Ein Winter konnte kalt sein, eiskalt. Aber die unerträgliche Hitze und die Müdigkeit machte mir noch viel mehr zu schaffen, als die bittere Kälte. Ich war froh, als es vorbei war. Eingekerkert im eigenen Schlafgemach verharrte ich, bewegte mich kaum. Ich wollte nicht der Gefahr laufen, dass mein Körper unter der Last des spontanen Sommereinbruchs zerbersten wollte. Der Abend zuvor war schon nicht nach meinem Plan verlaufen, so hatte ich einfach die Augen geschlossen, weil mich diese Müdigkeit übermannt hatte.

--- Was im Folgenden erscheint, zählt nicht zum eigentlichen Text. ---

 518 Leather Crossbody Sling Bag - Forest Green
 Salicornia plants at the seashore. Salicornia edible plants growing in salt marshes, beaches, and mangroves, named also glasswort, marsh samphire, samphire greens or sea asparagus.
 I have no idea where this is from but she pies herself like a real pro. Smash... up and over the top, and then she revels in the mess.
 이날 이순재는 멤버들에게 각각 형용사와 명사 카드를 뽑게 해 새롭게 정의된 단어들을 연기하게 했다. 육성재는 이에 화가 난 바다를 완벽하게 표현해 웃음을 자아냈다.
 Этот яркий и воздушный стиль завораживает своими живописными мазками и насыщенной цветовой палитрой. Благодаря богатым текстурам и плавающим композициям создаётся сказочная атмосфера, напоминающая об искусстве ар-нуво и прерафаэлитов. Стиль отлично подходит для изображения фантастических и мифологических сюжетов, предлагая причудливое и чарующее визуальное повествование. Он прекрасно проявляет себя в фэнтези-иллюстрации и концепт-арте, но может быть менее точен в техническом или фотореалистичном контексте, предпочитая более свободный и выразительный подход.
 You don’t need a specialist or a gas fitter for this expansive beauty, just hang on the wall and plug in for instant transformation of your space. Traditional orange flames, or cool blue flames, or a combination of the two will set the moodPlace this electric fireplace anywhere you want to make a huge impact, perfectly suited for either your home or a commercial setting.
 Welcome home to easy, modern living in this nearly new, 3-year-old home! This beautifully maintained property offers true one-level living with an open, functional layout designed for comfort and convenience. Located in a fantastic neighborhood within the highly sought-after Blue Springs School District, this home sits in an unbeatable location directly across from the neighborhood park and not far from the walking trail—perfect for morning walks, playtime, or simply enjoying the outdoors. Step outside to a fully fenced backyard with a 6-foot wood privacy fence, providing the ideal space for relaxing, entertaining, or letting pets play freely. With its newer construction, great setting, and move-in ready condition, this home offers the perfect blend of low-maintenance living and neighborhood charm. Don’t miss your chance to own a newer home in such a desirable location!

Die Wirbelknochen im Nacken knackten, als dieser bewegt wurde. Ich fühlte mich wie versteinert und dennoch durchströmte das Leben meinen Körper, als wäre ich eben erst frisch geboren worden. Die Euphorie über die Ausflüge und die zarten Küsse auf wunden Lippen war größtenteils verflogen und ich konnte meine Gedanken wieder dem wichtigeren Teil in meinem Leben widmen.

Es war ja nicht so, als wäre sie nicht von mir gewarnt worden. Es hätte mir klar sein müssen, dass sie an ihre Grenzen geht und ihr eigenes Leben riskiert. Ich wusste nicht, ob ich gutheißen sollte, was sie tat. Immerhin versuchte sie, ihren Geist weiter zu schulen. Aber im Moment schwirrte sie verloren in einer Sphäre herum auf der Suche nach dem Nichtraum. Es schien, als habe sie die Kontrolle verloren, dabei sah es anfangs doch so vielversprechend aus. Ich musste mich innerlich zügeln, dass ich sie nicht eigenhändig durch einen einfachen Zauber eliminierte. Ich wollte ihr die Chance geben, uns nicht weiter zu enttäuschen. Ich wollte ihr die kleine Möglichkeit einräumen, selbst aus dieser Misere zu gelangen. Um ihr dann eigenhändig zu zeigen, was es bedeutete, einmal durch das Reich Kra'thors zu reisen. Ich hatte immer wieder nachsehen mit der zierlichen blonden jungen Frau gehabt. Hatte Verständnis für ihren zwanghaften Drang nach Liebe und Aufmerksamkeit gezeigt und zusätzlich hatte ich ihr auch noch versucht zu helfen. Was war der Dank dafür? Diese maßlose Enttäuschung, weil sie ungeduldig und naiv war. Naiv!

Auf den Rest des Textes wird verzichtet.